FBOnto: An ontology to represent food intake data and associate it with metabolomic data


Date
Dec 20, 2018 12:00 AM
Event
VI Bioinformatics and Genomics Symposium
Location
Barcelona, Spain

Currently, nutrition research generates a lot of complex data hard to analyze and associate with other data or omics such as metabolomics. By itself, metabolomics is closely linked to nutrition. However, it is still difficult to associate these two types of data. One reason for this difficulty is the heterogeneity found in the information provided by participants in nutritional studies about what they have eaten. In order to manage this heterogeneity we have decide to build an ontology, describing foods in a hierarchichal way that enables a common description of food intake. This ontology contains formal naming, definition of the categories, properties, and relations between the concepts of two types of data, food and related metabolites.

This ontology has been created using Protégé 5.2.0 version. As is common in ontologies, FBOnto (Food-Biomarker Ontology) has been written in OWL language (Web Ontology Language).

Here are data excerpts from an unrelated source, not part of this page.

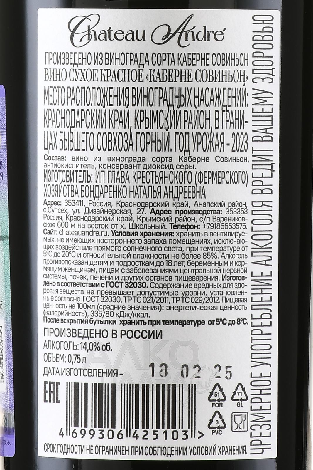 Красное сухое вино Chateau Andre Cabernet Sauvignon 0,75 л. отражает характер терруара и сорта Каберне Совиньона. Он был выращен на виноградниках Крымского района Краснодарского края в границах бывшего совхоза «Горный». Урожай собирали вручную в оптимальной степени зрелости, что позволило сохранить естественную концентрацию вкуса. После тщательной сортировки ягоды проходили бережное прессование, затем осуществлялась винификация по традиционному европейскому методу производства красных вин. Выдержка проводилась в стальных емкостях, что позволило подчеркнуть изящные фруктовые и пряные оттенки, сохраняя естественную свежесть и баланс.
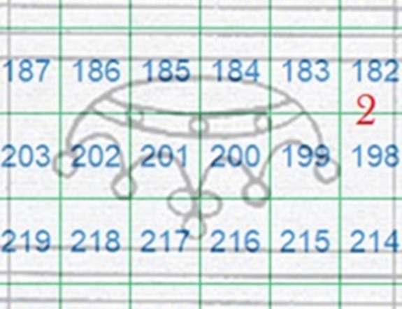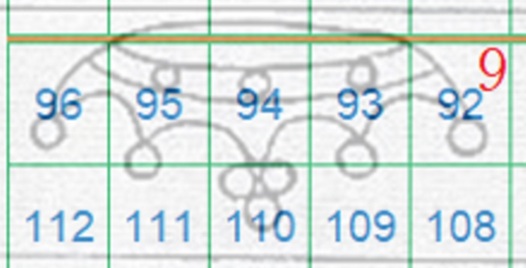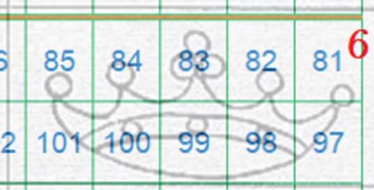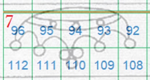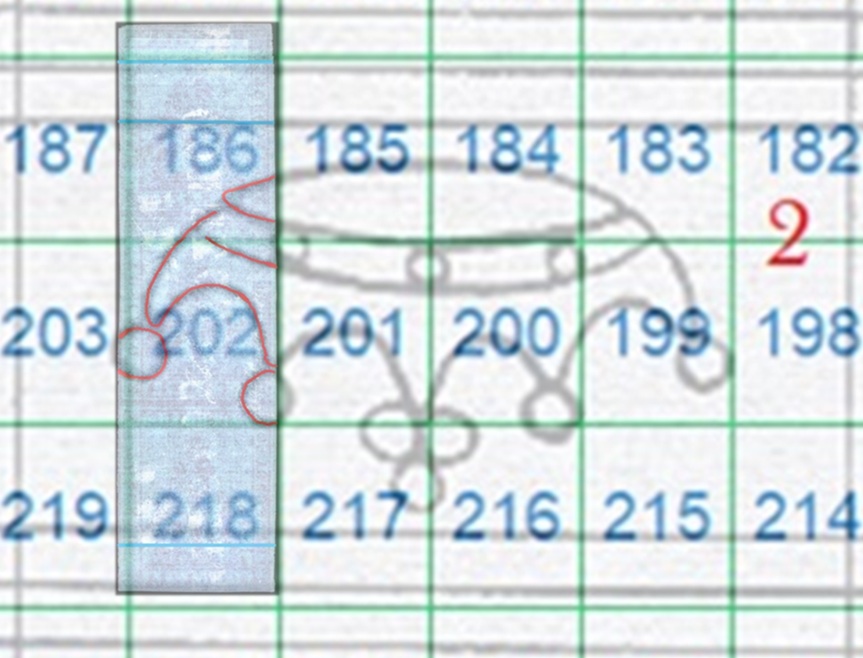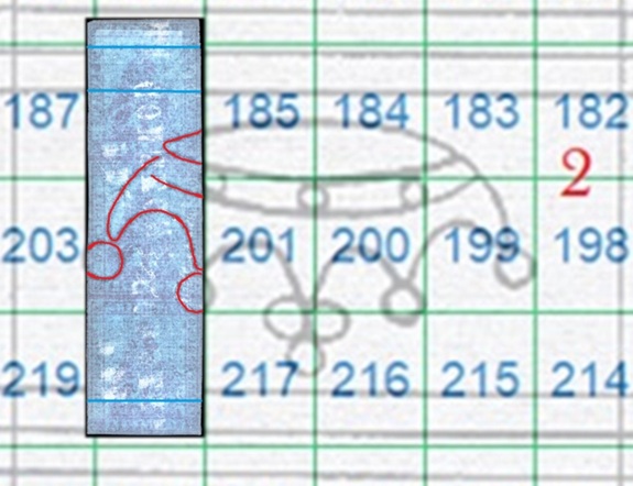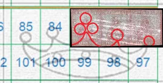 I tratti curvilinei che si vedono nella fiigrana appartengono alla Corona 2 della quale si vede gran parte di due delle perle apicali singole laterali. La configurazione della filigrana è del tipo Capovolta e l'impronta è al Verso (VC), quindi aiutandoci con la tavola di riferimento S02, ricaviamo la posizione che i francobolli occupavano nel quadro di stampa, ovvero le 186, 202 e 218, come mostrato nella figura 33 che segue.
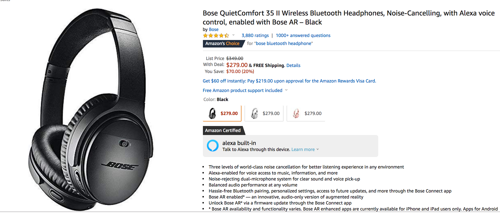 - Bose QuietComfort 35 II Wireless Bluetooth Headphones: $279 (regularly $349)
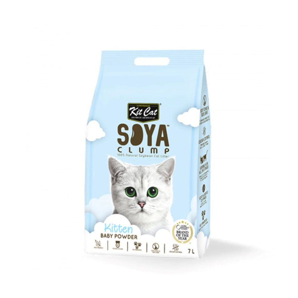 نظافة ناعمة تناسب القطط الصغيرة! كت كات رمل الصويا برائحة بودرة الأطفال مخصص للقطط الصغيرة والحساسة، بتركيبة لطيفة على الأرجل ورائحة خفيفة محببة. يكوّن تكتلات بسرعة وسهل التخلص منه.
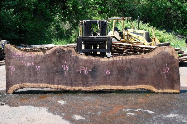 Black Walnut slab from Goby Walnut measuring 3" thick x 55"-39"-46"-35"-52" wide x 196" long
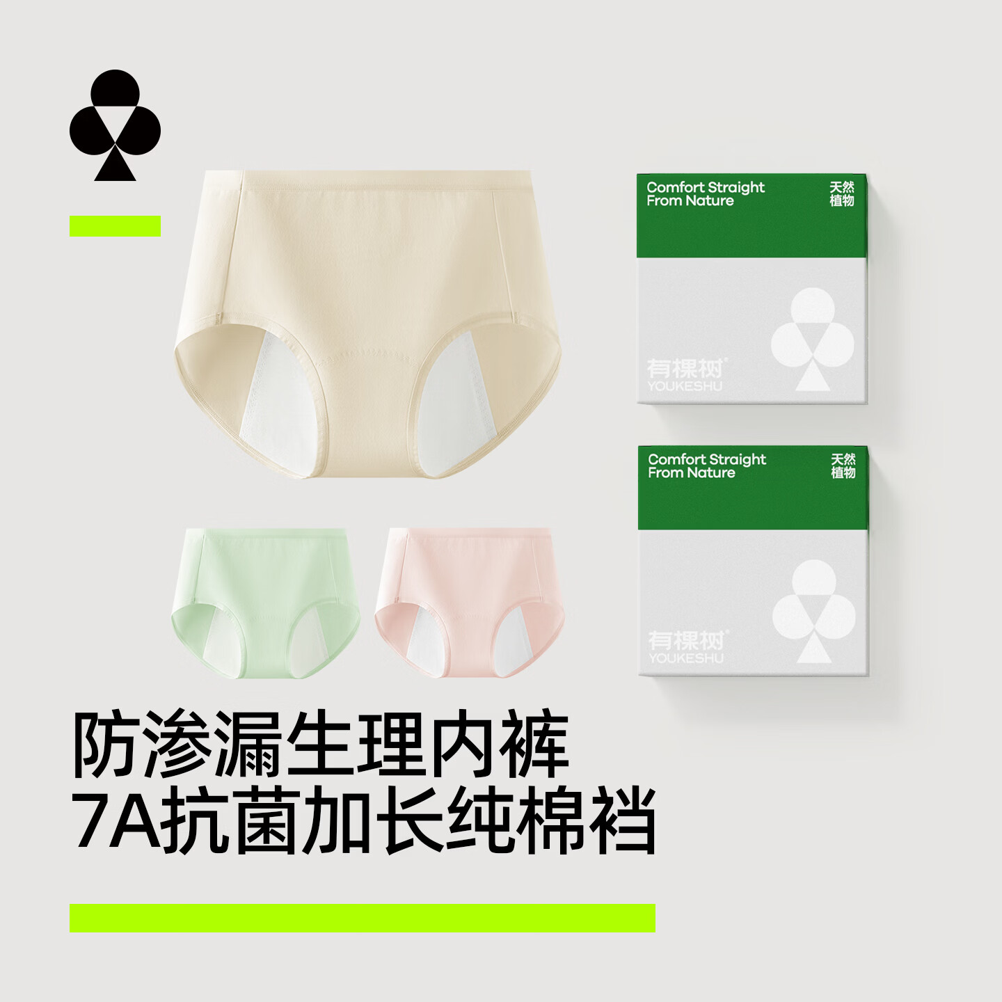 有棵树女士内裤女生理期7A抗菌纯棉加长裆防侧漏月经姨妈期加宽安全裤

The ontology presented is called FBOnto and is made of two sub-ontologies. The first ontology describes foods: from simple such as fruits and vegetables to more complex foods such as ratatouille. The second ontology describes metabolites, grouped in their different chemical classes. The nodes or elements of these two sub-ontologies are connected by the properties of each one, so that if a metabolite is in different foods, it will connect with all of them. This ontology allows us to visualize data in a bidirectional way, going from metabolomics to nutritional data or vice versa. In addition, this ontology can also be useful for other analyses such as enrichment analysis or a novel concept, food-enrichment analysis.